A guideline from the culinary world is to pair meat with side dishes made from the food that the animal would have eaten. So in the same vein I wanted to include other motifs based on the diet of crickets. I saw that among other things they eat fungus, so bingo - crickets and mushrooms.

And finally, I pondered, what exactly is the difference between crickets and grasshoppers, in physical appearance? To me, the most noticeable was that crickets have much longer antennae. So I made sure to keep them nice and long in my drawings.

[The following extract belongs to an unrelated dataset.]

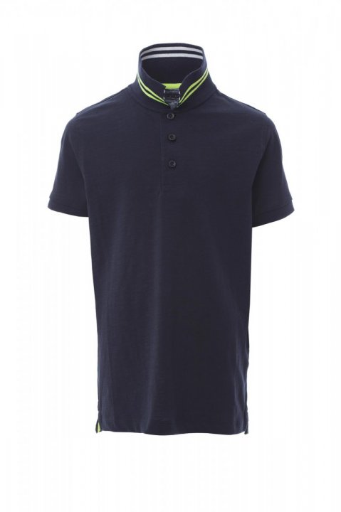 Gyermek rövid ujjú pólóing 3, színben illeszkedő, gyöngyházhatású gombbal, galléron kontrasztos színű csíkok, alján pedig fluoreszkáló csíkok, bordázott gallér és ujjszegély, jobb ujjon díszítés, oldalsó szellőzők és bújtatott varrás a gallérnál fluoreszkáló anyagerősítéssel, transzfernyomásos címke.

It was fun to do a much more free style of doodling for the fill patterns. I haven't done that for a long time. When I was done with the drawing, I remembered that the contest guidelines also stated that this was for a ditsy - so it needed to look good at a smaller scale. Once I shrunk it down, I decided adding in the highlights and lowlights on the "embroidery" as I did for the wizard's zodiac signs would be too busy, so I kept it to a very simple two colors.

Crickets and Mushrooms

This came in 37 out of 172 with 138 votes. My very favorite entry were these extremely cute cartoony crickets (which came in sixth). This was a close second in the cute category - not quite as cute, but more closely following the spirit of a true ditsy, rather than just being a general small-scale print. (Not that mine is really a ditsy either - everything is oriented vertically and all the mushrooms are the same way up.) Another favorite of mine was this soothing grouping with jasmine and ginkgo. On the more graphic side, a floral that activated my sticker-brain, and this scientific and slightly creepy scatter of parts.

Post script: I did some searching online to remind myself of traditional embroidery fill patterns. While doing so, I found this post showing examples of built-in stitches from a machine. It does little trees! And little turtles!! It's a good thing I don't own it or I'd probably have some crazy stitched border around the hem of every shirt I own.